I did look after my parents for as long as possible, but it's draining.

The odd bit of help is fine - any expectations are not.

bluetongue · 15/03/2023 09:31

I love my parents and will help where I can but they have the resources to pay for their own carers / care home.

I also know my sister and I will have the horrendous task of clearing out their hoarded possessions when they’re gone. Sounds awful but it’s how I feel.

Everyone should plan for and pay for their own old age as much as they can.

LobeliaBaggins · 15/03/2023 09:31

OlympicProcrastinator · 15/03/2023 09:28

I’m from a culture where there are no old peoples homes. It is fully expected that families care for each other. It’s weird to me that you wouldn’t care for your parents or that there is a choice in the matter.

Not saying it’s wrong, just so different for me that it’s not even something I question.

Similar culture but what this means is that women become carers. It's rarely men changing adult diapers. All mu friends are looking after their MILs and going completely batty.

BloodyThursday · 15/03/2023 09:32

I haven't really had that conversation. DM has said "put me in a home, don't worry about me". Even now though just making sure we speak and see her regularly every week can be a struggle with everything else we have to do. I have a sibling who isn't as consistent and often only does it when they want something. My DP DM lives 4 hours away. He had a sibling who has no contact with their DM so it replies on him solely. It's hard because he lives so far away. As soon as there's any inheritance I expect his sibling will soon be sniffing around.

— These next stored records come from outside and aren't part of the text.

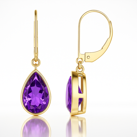 Pear Amethyst Lever back Drop / Dangle Earrings with Diamond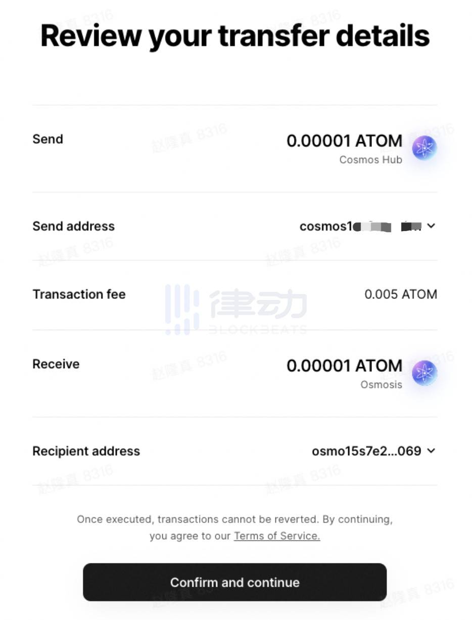 我们以左侧更通用的 IBC 转账功能为例。在点击后进入的界面中,需要用户输入收款方地址(注意这里只需要输入地址,并不需要特意注明地址所在的链,因为地址格式中已经包含了这个信息)。这里我们输入刚才用到的 Osmosis 链地址后,点击确认。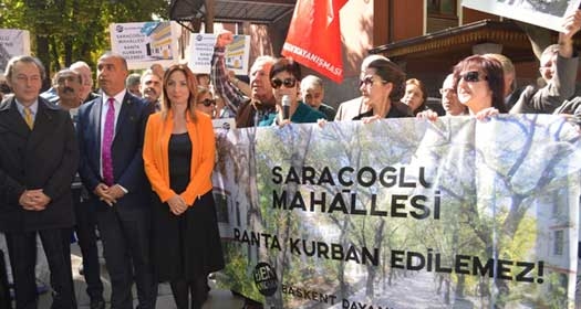 “Saraçoğlu ranta kurban edilmesin” Başkent Dayanışması bileşenleri, Saraçoğlu Mahallesi’ne yürüyüş gerçekleştirdi. Başkent Dayanışması bileşenleri, Saraçoğlu Mahallesi’nde günlerdir süren zorla tahliyeleri protesto etti. Konur Sokak’ta buluşan bileşenler Saraçoğlu Mahallesi’ne yürüyüş gerçekleştirdi. “Saraçoğlu Ranta Kurban edilemez” pankartı taşıyan grup üyeleri “Saraçoğlu korunsun AKP yıkılsın” sloganları attı. Mahalle’de basın açıklaması yapan Başkent Dayanışması bileşenlerinden İlk sözü, Mimarlar Odası Ankara Şube Başkanı Tezcan Karakuş Candan aldı. Candan, “Sabahın erken saatlerinde, insanlar işlerine çocuklar okullarına gideceği saatte Saraçoğlu Mahallesi’nde zorla tahliye yapmak için insanlar uykudayken evlerinin kapıları kırılıyor. Bu zorla tahliyeler 1. Derece sit alanında kültürel ve tarihi mirasımızda ve başkentin göbeğinde gerçekleştiriliyor. Başkentin kalbi olan Saraçoğlu Mahallesi’nin ranta kurban edilmesine izin vermeyeceğiz. Konut dokunulmazlığını ihlal eden, Kaymakamlık yetkilileri Dilek Taşpınar, Alaaddin Zararsız, Defterdarlık ve Koruma Kurulu yetkilileri hakkında gerekli suç duyurularını yaptık. Saraçoğlu Mahallesi’nin ranta kurban edilmesine izin vermeyeceğiz” dedi.
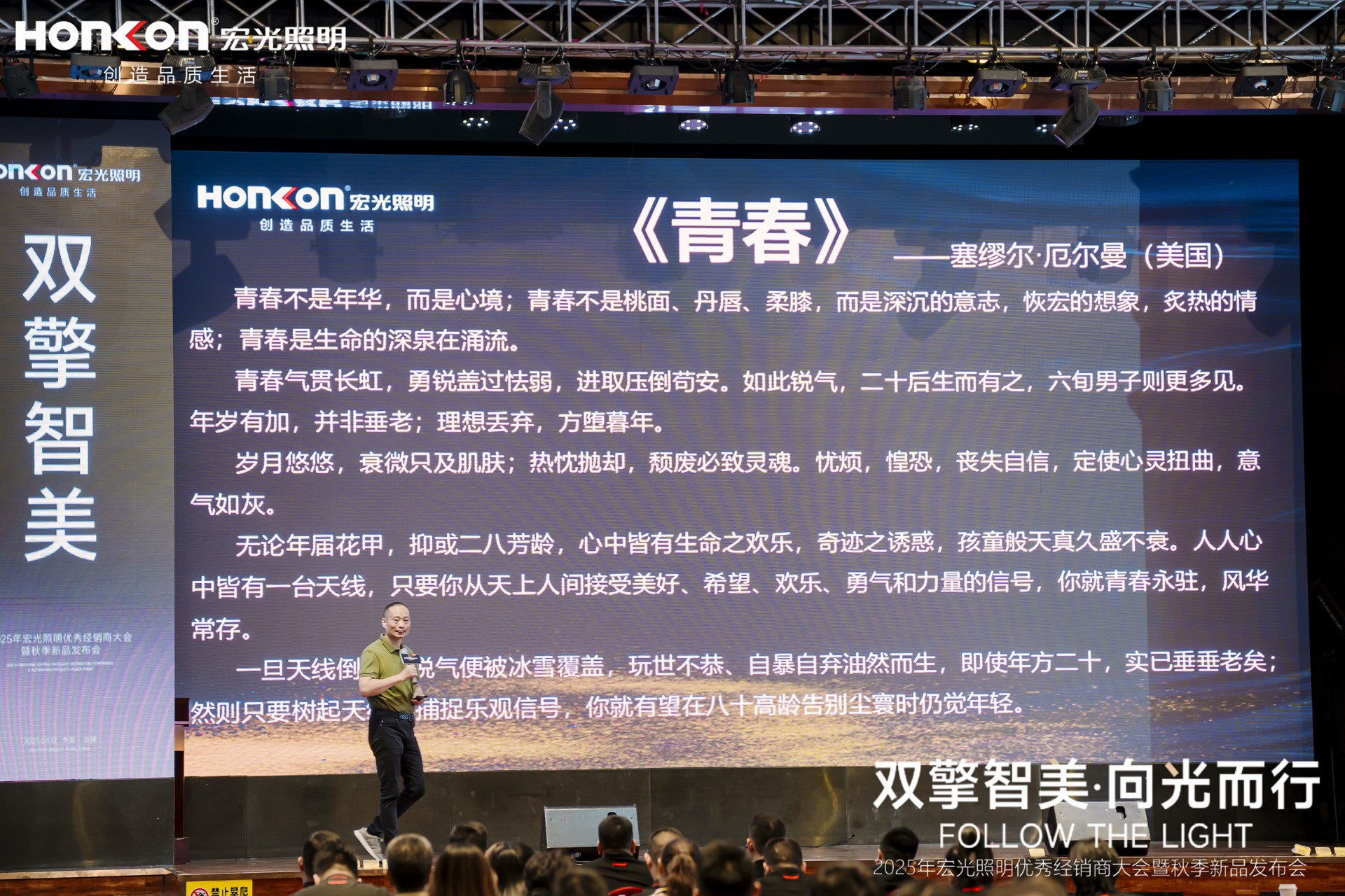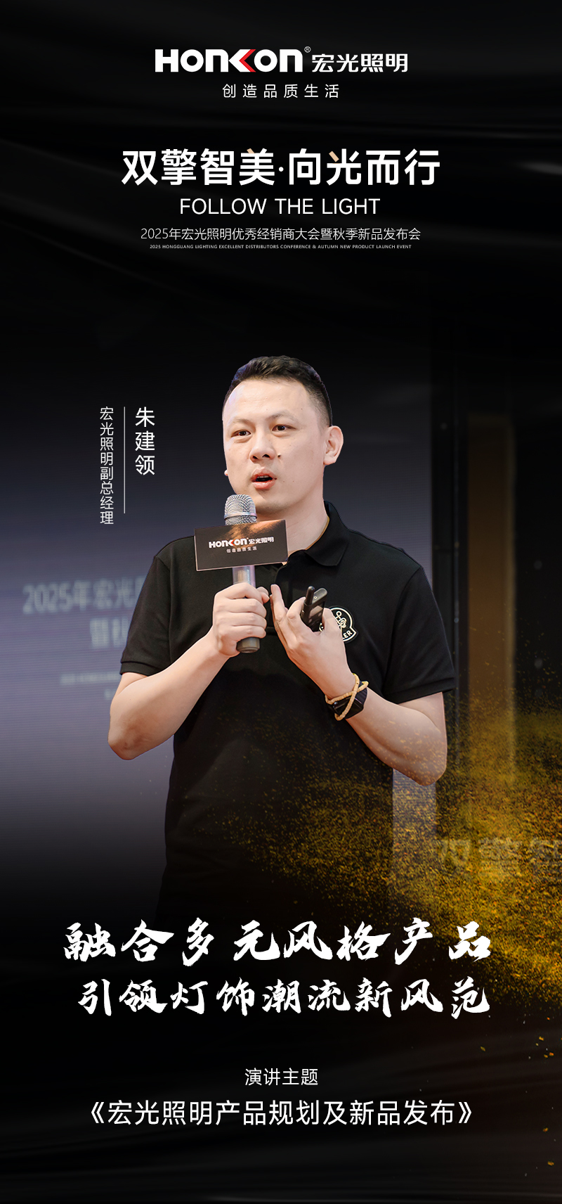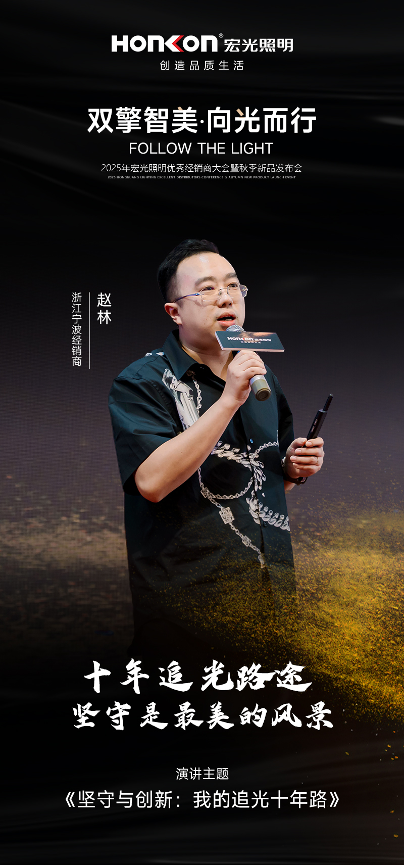 在2025年秋季新品發(fā)布會現(xiàn)場,宏光照明創(chuàng)始人兼董事長黃亮竣以 “致敬追光者” 拉開序幕。他滿懷深情地向所有奮戰(zhàn)在一線、不懈追光的經(jīng)銷商和合作伙伴表達了崇高敬意。他強調(diào),正是這些專注專業(yè)、不懈追光的人,為行業(yè)帶來了源源不斷的光亮和希望,是宏光照明能夠在激烈市場競爭中持續(xù)前行的核心力量。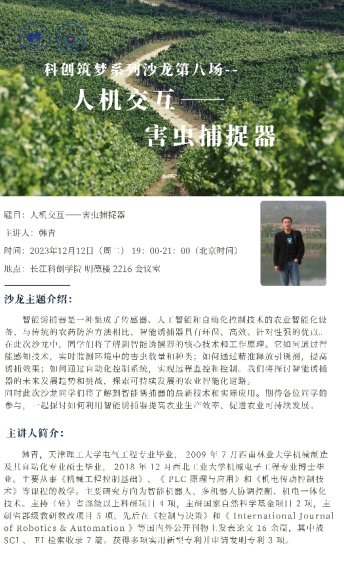 2023年12月12日,一场沙龙在科创学院举行,主题为“人机交互——害虫捕捉器”。此次沙龙汇聚了众多对科技创新充满热情的同学,共同探讨人机交互技术与害虫捕捉器的结合应用。
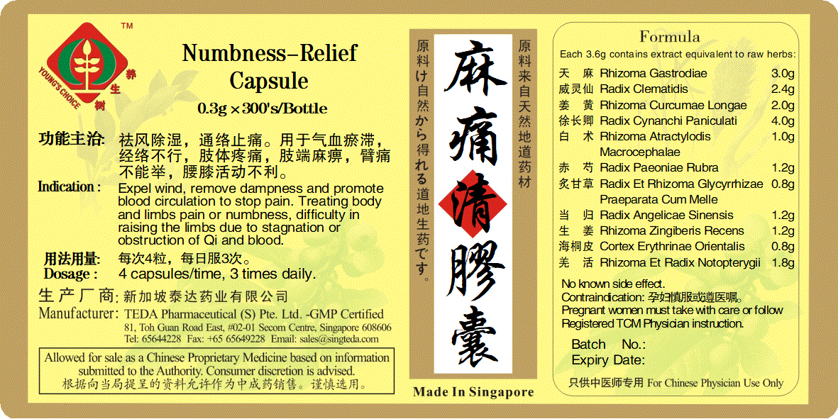 麻痛清胶囊 Numbness - Relief Capsule (300's) (JMT01) Category: Capsule UOM: BOT 【功能主治】 祛风除湿,通络止痛。用于气血瘀滞,经络不行,肢体疼痛,肢端麻痹,臂痛不能举,腰膝活动不利。 Indication: Expel wind, remove dampness and promote blood circulation to stop pain. Treating body and limbs pain or numbness, difficulty in raising the limbs due to stagnation or obstruction of Qi and blood. Ingredients: 天麻 Rhizoma Gastrodiae 威灵仙 Radix Clematidis 姜黄 Rhizoma Curcumae Longae 徐长卿 Radix Cynanchi Paniculati 白术 Rhizoma Atractylodis Macrocephalae 赤芍 Radix Paeoniae Rubra 炙甘草 Radix Et Rhizoma Glycyrrhizae Praeparata Cum Melle 当归 Radix Angelicae Sinensis 生姜 Rhizoma Zingiberis Recens 海桐皮 Cortex Erythrinae Orientalis 羌活 Rhizoma Et Radix Notopterygii SGD 41.25 |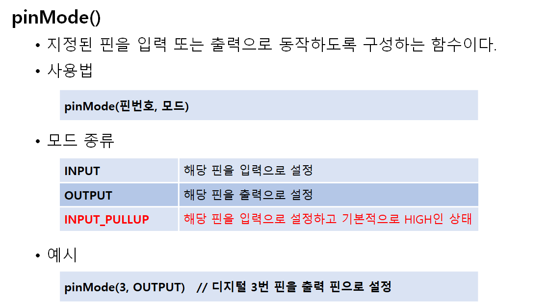 2. 버튼이 연결된 핀의 상태가 HIGH이면 LED ON, 핀의 상태가 LOW이면 LED OFF. 즉 평상시 버튼의 상태는 HIGH이므로 PULL-UP 회로가 동작한다. → pinMode(btn, INPUT_PULLUP)

cupofteaandabiccyplease · 15/03/2023 09:33

Both of my parents have died so I don't have this situation but it must be a worrying time for those facing it.
I would try to access carers if needed and help where I could but dh/dp and dc would have to be priority then there would be employment to consider.
Trying to be there for too many people can be determental to one's health.

sunshinesupermum · 15/03/2023 09:34

fairyliz

If so he needs to be future proofing his life. How?

cupofteaandabiccyplease · 15/03/2023 09:35

blue I had the same situation with dm, a hoarder, it seemed to take weeks.